Бумажный дворец
Часть 49 из 65 Информация о книге
Для доступа к библиотеке пройдите авторизацию
27
1996 год. Декабрь, Нью-Йорк
Рассвет наступает быстрее, чем следовало. Я лежу голая поверх одеяла и смотрю в окно нашей квартиры в Ист-Виллидж, слушая журчание батареи. Обещают сильный снегопад, и небо уже обрело безмолвную сухую белизну, словно сам воздух затаил дыхание.
Питер провел свою последнюю холостяцкую ночь в отеле «Карлайл» на Мэдисон-авеню вместе со своим шафером – напыщенным другом из Оксфорда, всегда относившимся ко мне с подозрением, как будто одно то, что я американка, делало меня охотницей за деньгами.
Анна спит в гостиной. Мне слышно ее мягкое сопение. Наверное, отрубилась, лежа на спине. Вчера вечером, надев допотопные фланелевые ночнушки, те, что бабушка Миртл дарила нам на Рождество каждый год, пока мы не стали слишком большими, чтобы ценить их старомодный уют, мы пили текилу и болтали до поздней ночи, так что теперь у меня наверняка будут ужасные фиолетовые мешки под глазами. Анна – моя подружка невесты. Они с Джереми остановились у мамы, которая ведет себя с ним в свойственной ей ужасной манере, к моему большому удовольствию. Из-за Джереми нам с Анной почти не удается проводить время вдвоем. Он заставляет ее по утрам целый час заниматься с ним йогой после завтрака и даже притащился на примерку моего платья. В среду, когда мы с Анной собирались пообедать в «Русской чайной» только женской компанией, он удивил ее тем, что взял билеты на «Кошек» в Зимнем саду, на утренний сеанс – хотя Анна терпеть не может мюзиклы, а этот к тому же идет с 1982 года. «Да, неприятно, – сказала мама, когда я позвонила ей, чтобы пожаловаться. – Но люди из Калифорнии всегда так ведут себя, когда приезжают сюда. По какой-то непостижимой причине они думают, что, глядя на актеров, поющих на сцене в костюме животных, приобщаются к культуре».

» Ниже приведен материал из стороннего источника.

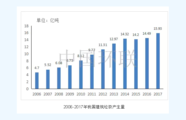 近年來(lái),我國(guó)城市化進(jìn)程不斷提速,新城區(qū)的建設(shè)與老城區(qū)的改造,制造了大量的建筑垃圾。根據(jù)中國(guó)環(huán)聯(lián)保守估計(jì)我國(guó)2017年共計(jì)產(chǎn)生建筑垃圾15.93億噸。結(jié)合住建部公布的最新規(guī)劃,到2020年我國(guó)建筑垃圾產(chǎn)生量將達(dá)到峰值,預(yù)計(jì)會(huì)突破30億噸。

Мое шелковое с бархатом платье кремового цвета висит на дверце шкафа, все еще в пакете из химчистки. Оно длинное, облегающее, с шлейфом и достаточно низким вырезом, чтобы показать слишком многое. На полу рядом с ним стоят атласные туфли за триста долларов, которые я купила по настоянию Анны. Такие туфли никогда не надевают второй раз: клянешься, что перекрасишь их в черный после свадьбы, но так и не доходят руки. Вместо этого они годами живут в глубине шкафа, и пыль оседает на белой ткани, приглушая ее цвет, медленно превращая в серую.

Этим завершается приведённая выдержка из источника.